After Rebecca's clearly premediatated suicide, everything changes for Leila. Her parents take a one-year job helping to create a new teaching hospital in Poland. Leila moves in with her sister Clare, and has Raphael, a distant cousin (and former boyfriend of Clare's), as a secondary guardian. Leila goes on with her life - school, a part-time job, finally getting to know Clare - but struggles to understand Rebecca's suicide. She latches on to her last sighting of Rebecca, and tries to find the person that Rebecca was with at the time, thinking that he might have some insight for her.
This book is about so many different things. Stay With Me is about what it means to be a family. (Raphael, despite his relatively distant family connection, helps Leila with her homework, gives her advice, and takes on a near-parental role.) Stay With Me is about trusting your own body (and yourself), and knowing what you are and are not ready for sexually. Stay With Me is about why someone with most of her life ahead of her would commit suicide, and the devastating impact of a suicide on the people left behind. Stay With Me is about what it's like to be dyslexic (Leila is dyslexic), and how it can affect a person's entire way of thinking.
And yes, as you are sure to read in other reviews, Stay With Me is about teen-aged Leila's friendship with and sexual interest in a 31-year-old man, Eamon. What I found remarkable about this entire storyline was how normal Freymann-Weyr made it seem, and how NOT creepy the plot-line was. I want to be sure to get this across to you, because I was initially hesitant to read the book, knowing about this Lolita-esque theme. Leila's relationship with Eamon is an important part of the book, but it's only a part of a much more fully realized story, and it's handled exceedingly well.

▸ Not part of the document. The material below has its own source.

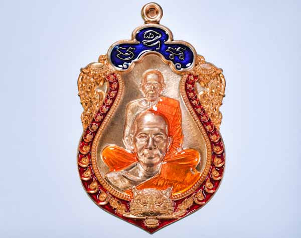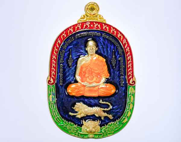 เคาะเดียว พระอาจารย์ต้อม วัดท่าสะแบง จ.ร้อยเอ็ด รุ่นรวยนะ9ดี พิมพ์เสือคู่บารมี (รายการชุดลังทองคำ เนื้อเงินลงยาสามสี หลังชนวน ) No.16 พร้อมกล่องเดิม

I found Stay With Me to be very well-written. The characters, especially Leila, are complex and realistic. Leila's voice is particularly engaging. Her dyslexia shapes her perceptions of herself, her ability to make decisions, and her day-to-day life, with a pervasiveness that I hadn't anticipated or understood before reading this book. Somehow Freymann-Weyr conveys this without ever making Leila someone to be pitied or ridiculed over her learning disability. It's a remarkable achievement.
I think that high school readers will enjoy this book, especially those with learning disabilities or unconventional families (and what family seems normal, when you're in high school?). And I think that teens who are (horrifyingly) curious about suicide will find in this book a subtle, but strong, anti-suicide message. I believe in general that parents should read as many of the books that their kids read as possible. But I especially believe that parents should read Stay With Me with their kids. There are many great discussion points in the book.
As you can tell, I liked this book a lot. The plot is multi-layered without being confusing, with a nice blend of poignancy, humor, tension. I read it in a single day, not so much because I needed to know what happened, as because I wanted to spend more time with Leila, and make sure that she was alright. But I won't tell you the answer to that. You'll have to read Stay With Me yourself.